# Identify and gender please



## sarahjanelutz (Jul 23, 2012)

here are some pictures of my chickens. Can anyone tell me what breed these are (may be a group of inbreeds) and also opinions as to gender would be appreciated.


----------



## Apyl (Jun 20, 2012)

How old are they? The striped one is a Barred Rock.


----------



## cogburn (Jul 16, 2012)

The "Rock" looks like it may have feathered feet.. Does it? Also age? Are they all the same age? Looking at combs and wattles at this age, as well as tail feathers are the deciding factors in sexing chix.. And on the roost it's hard to tell breed, you really go by color only.. Which sometimes is enough, but "action" pix, (walking, scratching, pecking) help in determining gender/breed.


----------



## cogburn (Jul 16, 2012)

Goin by these pics, I'd say 2 cockerels.. The rock and the first pic white chick.


----------



## sarahjanelutz (Jul 23, 2012)

They are approximately12 weeks. Yes I thought it was a Bard and it does have feathered feet. The white one you think is a male and this one seem to spend a lot of time giving each other the stink eye and dancing about. I know I can't keep two roosters. Which one would you nix?


----------



## sarahjanelutz (Jul 23, 2012)

Approximately 12 weeks.


----------



## Jeremysbrinkman (Jul 12, 2012)

Looks like the one on the ground is a black copper maran


----------



## cogburn (Jul 16, 2012)

The Barred Plymouth Rock w feathered feet will be a Cochin small Banty Rooster.. If the white one is full size then advantage goes to white, he will kick the Bantys butt early and often. If your pullets are full size keep full size rooster, if they are Bantys keep Banty rooster. That's my opinion.


----------



## BuckeyeChickens (Jul 11, 2012)

looks like a "mixed breed flock" to me!!!


----------



## sarahjanelutz (Jul 23, 2012)

You are probably right. How will that effect the egg laying?


----------



## BuckeyeChickens (Jul 11, 2012)

sarahjanelutz said:


> You are probably right. How will that effect the egg laying?

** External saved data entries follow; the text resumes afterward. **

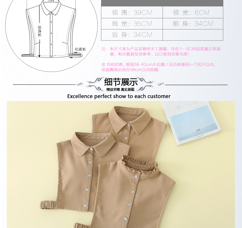 春秋冬季时尚百搭节约领女士尖圆立衬衫衣领棉布多色灯芯绒假领子
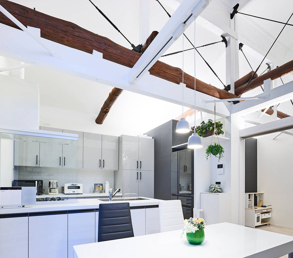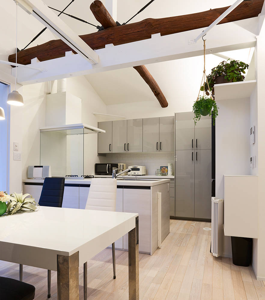 築80年近い木造平屋のリノベーション。若いご夫婦とお子様のための高気密高断熱住宅。古い柱、梁の撤去が難しかったので新設の木構造と一体にすることで耐震補強を行った。またそれを生かしたインテリアにしている。
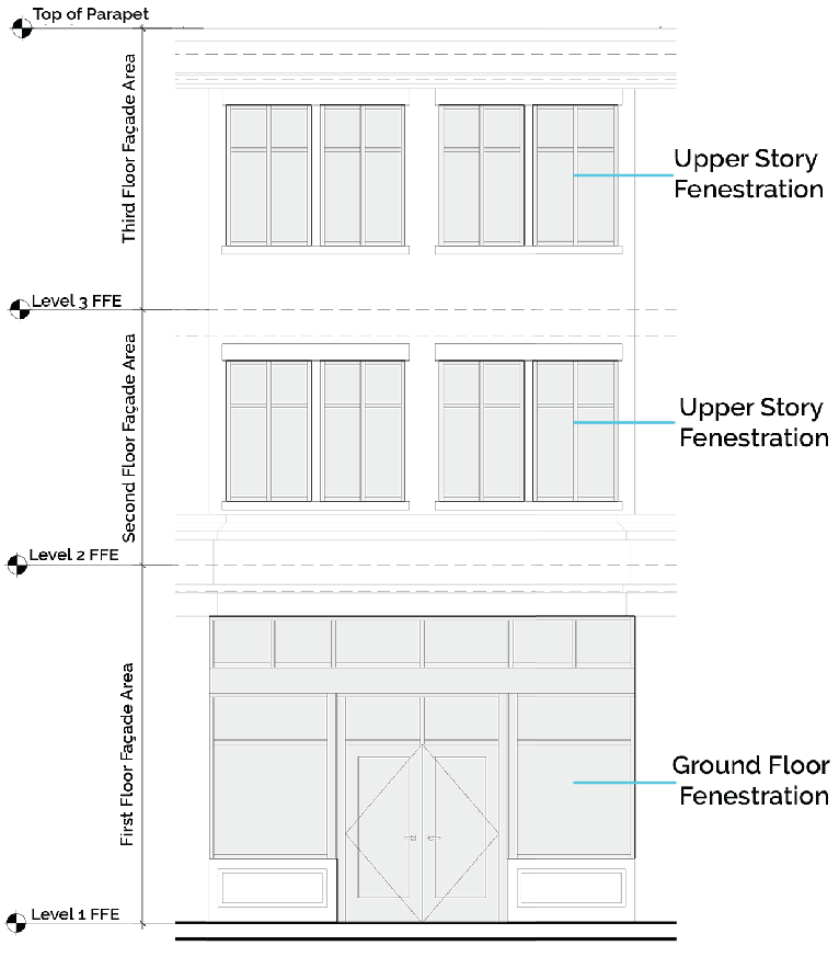 Fenestration is the minimum percentage of window and door glass that must cover a façade, pursuant to table 21-3.2.9 - façade types. It is calculated based façade area and by floor. The façade area used to determine fenestration is measured from the top of the finished door to the top of the finished floor above or top of a roof parapet.

Many "mixed breeds" turn out to be be very good layers provided the crosses were good layers to begin with! Red-Stars, Golden Comets and a host of other "Sex-link" chickens are nothing more than crosses or "mixed breeds" and tend to be outstanding layers!


----------



## sarahjanelutz (Jul 23, 2012)

Now that I have done some checking I think you are right for three and wrong for the other three. But I am not sure a Ohio Buckeye and an Oregon Duck will ever see eye to eye :>)


----------